In aid of returning syntax tree, Perl provides a "quasiquoting" mechanism using the quote q:code, followed by a block intended to represent an AST:

    return q:code { say "foo" };

Modifiers to the :code adverb can modify the operation:

    :ast(MyAst)         # Default :ast(AST)
    :lang(Ruby)         # Default :lang($?PARSER)
    :unquote<[: :]>     # Default "triple rule"

Within a quasiquote, variable and function names resolve according to the lexical scope of the macro definition. Unrecognized symbols raise errors when the macro is being compiled, not when it's being used.

To make a symbol resolve to the (partially compiled) scope of the macro call, use the COMPILING:: pseudo-package:

    macro moose () { q:code { $COMPILING::x } }

    moose(); # macro-call-time error
    my $x;
    moose(); # resolves to 'my $x'

If you want to mention symbols from the scope of the macro call, use the import syntax as modifiers to :code:

    :COMPILING<$x>      # $x always refers to $x in caller's scope
    :COMPILING          # All free variables fallback to caller's scope

If those symbols do not exist in the scope of the compiling scope, a compile-time exception is thrown at macro call time.

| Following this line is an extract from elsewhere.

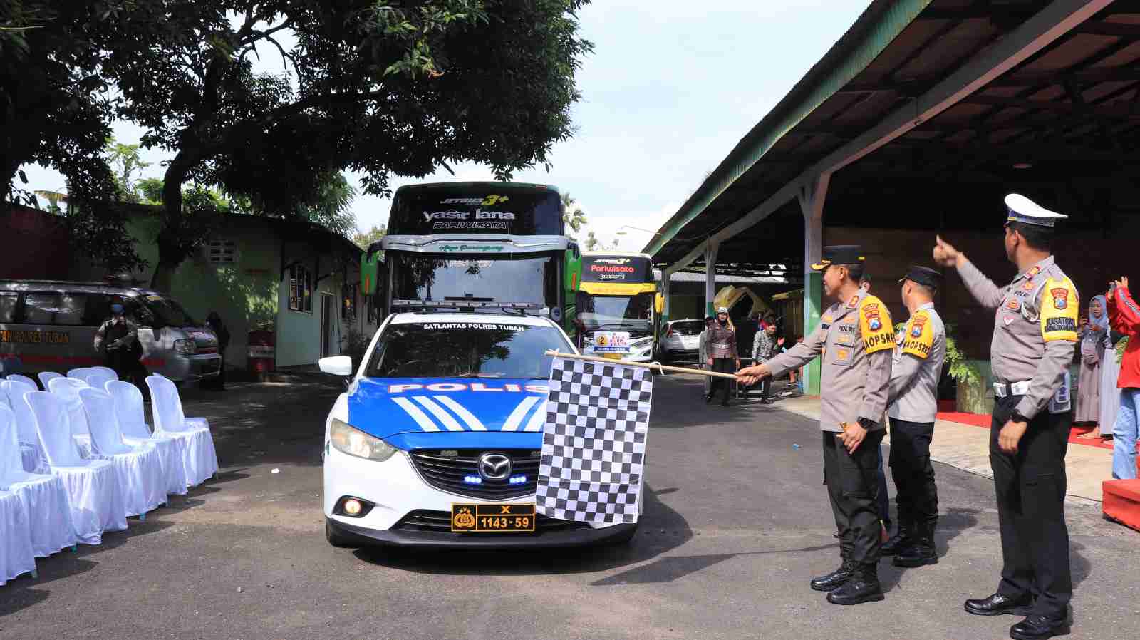Jum'at (28/04/23) sebanyak 175 pemudik asal kabupaten Tuban diberangkatkan oleh Kapolres Tuban AKBP Rahman Wijaya, S.I.K., S.H., M.H., dengan menggunakan tiga unit Bus menuju Jakarta dan sekitarnya.

Similarly, in the macro body you may either refer to the $x declared in the scope of the macro call as $COMPILING::x, or bind to them explicitly:

    my $x := $COMPILING::x;

You may also use an import list to bind multiple symbols into the macro's lexical scope:

    require COMPILING <$x $y $z>;

Note that you need to use the run-time := and require forms, not ::= and use, because the macro caller's compile-time is the macro's runtime.

Splicing

Bare AST variables (such as the arguments to the macro) may not be spliced directly into a quasiquote because they would be taken as normal bindings. Likewise, program text strings to be inserted need to be specially marked or they will be bound normally. To insert a "unquoted" expression of either type within a quasiquote, use the quasiquote delimiter tripled, typically a bracketing quote of some sort:

    return q:code { say $a + {{{ $ast }}} }
    return q:code [ say $a + [[[ $ast ]]] ]
    return q:code < say $a + <<< $ast >>> >
    return q:code ( say $a + ((( $ast ))) )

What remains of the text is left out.